As for eating the local diet, as much as I like rice, rice for breakfast seems to give me heartburn, and requires okazu of some sort, plates to put it all on, a pair of chopsticks, and you have to open the refrigerator. Bread, you can stick in the toaster, slap some peanut butter on it, and stuff it in your pocket or backpack for eating on your way to the station. 

Do any of the expats eat rice for breakfast? What do you think about bread in Japan? 
I had trouble finding good European style al dente bread. Regular bread seemed to be sweet and too soft.

Mari


----------



## synthia

I never have been able to handle rice or fish for breakfast. I sprung for cereals. Since I lived in a smaller city, Kitakyushu, my rnet wasn't so terribly high ($450 per month for a 2DK), so I could afford to pretty much eat what I wanted. I just cringed a lot for the first four months.


----------



## beatnik

steadyboy said:


> Larabell, can you confirm/dispel the strong rumour about the cost of supermarkets selling western items? I am told they are very expensive, but can not tell how expensive is very expensive, if you get my point. How much would I pay for a jar of coffee? a litre of beer? a Big Mac? In general, I guess noodles would be cheaper and potatoes would be dearer, but are they twice the price, 5 times the price, 10 times the price?

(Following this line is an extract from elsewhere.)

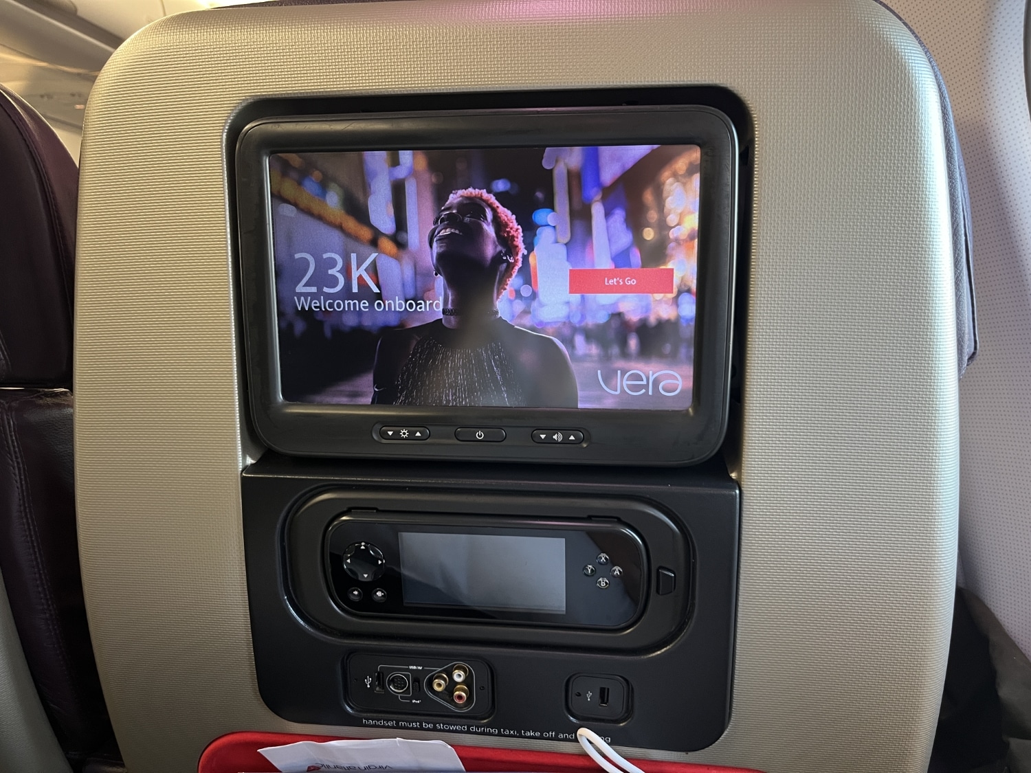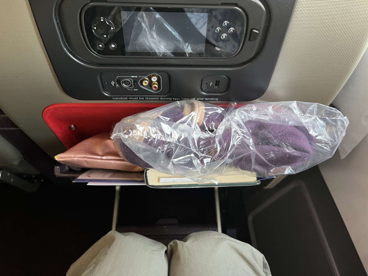 Virgin Atlantic Premium Economy has excellent service and food, but this is their oldest plane, and the age shows in the cabin and entertainment console. Even though the taxes and fees are high, considering the small points cost, it’s a fantastic value. An unfortunate plane swap from their newer A350, but that means we’ll have to fly with Virgin Atlantic again to get a great experience all around!

America brands are a little more but for the most part it's not crazy expensive like most people say. I visited Tokyo this past spring and found that most things were no more than 20% higher in price and in most cases I think only about 10% higher than Los Angeles. 

Things like rent are not bad. Transportation will cost you more than say NYC but using the trains in Tokyo is still more economical than having to maintain a car payment, insurance and gas in a place like Los Angeles. 

I hope these comparisons help.

I think most of the notions that Japan is very expense come from tourists that found fancy cafe in a tourist/shopping area and ordered an infamous $7 coffee. This is rare and if you really want a good coffee you can actually get one from a vending machine for about $1.20. Hot and tasty in a nice can.


----------



## beatnik

japanfan said:


> When you're in Japan, what do you usually eat? What's your favorite food?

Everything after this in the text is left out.